AHI Symptoms and ARS
The median number of symptoms was 4 (interquartile range [IQR], 0–6). Fifty-three (73.6%) participants reported at least 1 symptom. The most and least reported symptoms were fever (59.7%) and skin rash (5.6%) (Figure 1B). A 2-class LCA model performed best (BIC = 777.6) compared to a 3-class (BIC = 786.6), 4-class (BIC = 821.7), 5-class (BIC = 859.2), or 6-class (BIC = 899.2) model, and differentiated the participants into those with ARS (n = 43 [59.7%]; median number of symptoms: 5 [IQR, 4–8]) and without ARS (n = 29 [40.3%]; median number of symptoms, 0 [IQR, 0–1]). In a validation analysis, all symptoms except skin rash (P = .644, Fisher exact test) were significantly higher in the ARS group (Figure 1C).

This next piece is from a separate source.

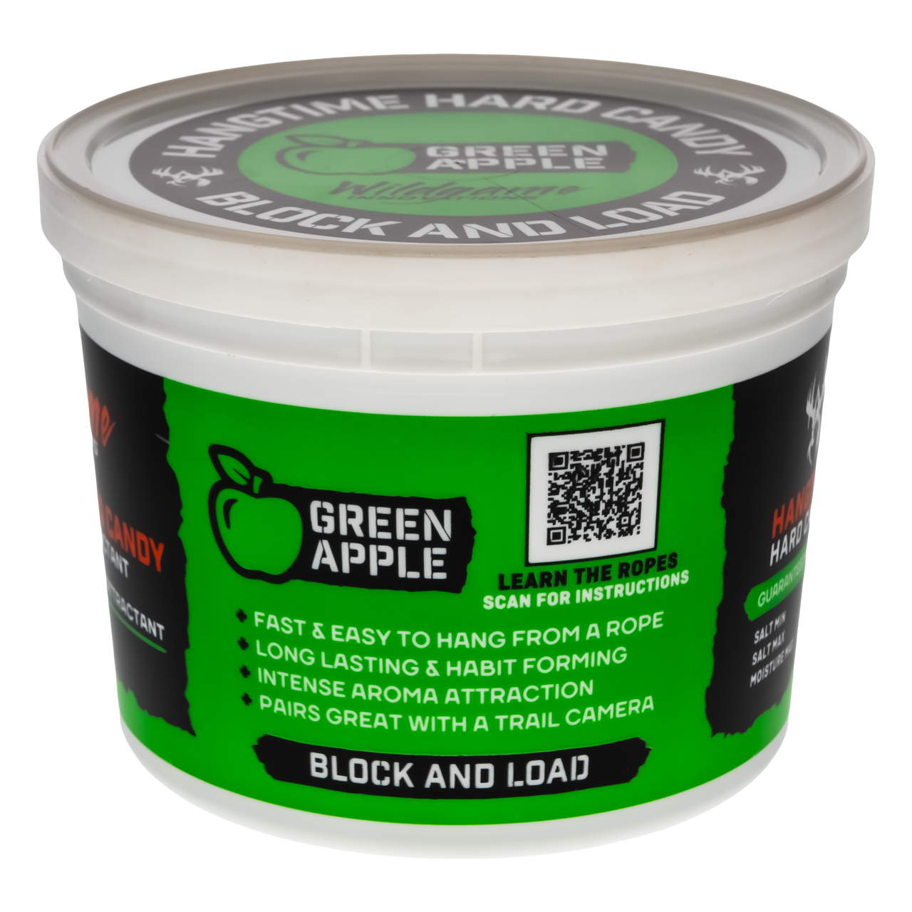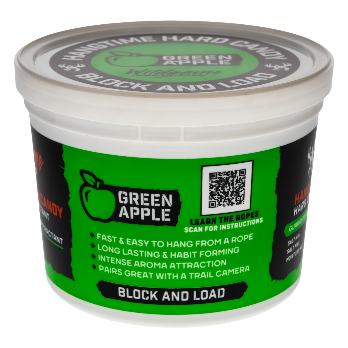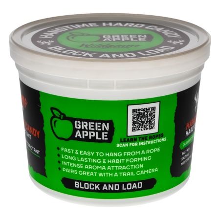 The Hangtime Hard Candy Block Apple is a 3.5lb deer attractant designed to be both effective and convenient. This long-lasting attractant is easy to hang from a tree with its included 12-inch rope. The hard candy formula ensures durability and continuous attraction. Perfect for hunters looking to draw deer to a specific location, this block combines practicality with proven efficacy.

Associations Between HLA/KIR Alleles and ARS
The prevalence of ARS was lower among participants with HLA-A*23 compared to those without (15.4% vs 69.5%, P = .033, Fisher's exact tests with Benjamini-Hochberg correction; Supplementary Figure 1). Furthermore, participants with HLA-A*23 had lower odds of ARS compared to those without (Figure 1D), which was confirmed even after controlling for age, sex, risk group, HIV-1 subtype, and HIV-1 viral load (adjusted odds ratio, 0.10 [95% CI, .01–.48]; P = .009; Supplementary Table 1). There was no association between any of the other HLA molecules or KIR genes and ARS (Figure 1D).
DISCUSSION
HLA-A*23 was associated with lower odds of ARS, independent of sex, age, risk group, HIV-1 subtype, and HIV-1 viral load. ARS is mediated by a cytokine storm, and specifically, high levels of interferon gamma (IFN-γ)–induced protein-10 (IP-10) have been observed during AHI [1, 5]. IP-10 is secreted by innate immune cells in response to IFN-γ, which is released by activated NK cells [12, 13], and activation of NK cells is influenced by the interaction with HLA class I molecules [2]. In addition, HLA-A*23, like other HLA alleles, possesses the HLA-Bw4-80I motif, a ligand for the inhibitory receptor KIR3DL1 expressed on NK cells [14]. It is therefore possible that if HLA-A*23 is sufficiently expressed at the cell surface to prevent NK cell activation, for example due to impaired downregulation by HIV-1 [15], the cytokine storm and subsequent manifestation of ARS may be diminished. Studies investigating associations between HLA-A*23 and specific cytokines and chemokines, as well as between HLA-A*23 and NK cell activation, are therefore warranted.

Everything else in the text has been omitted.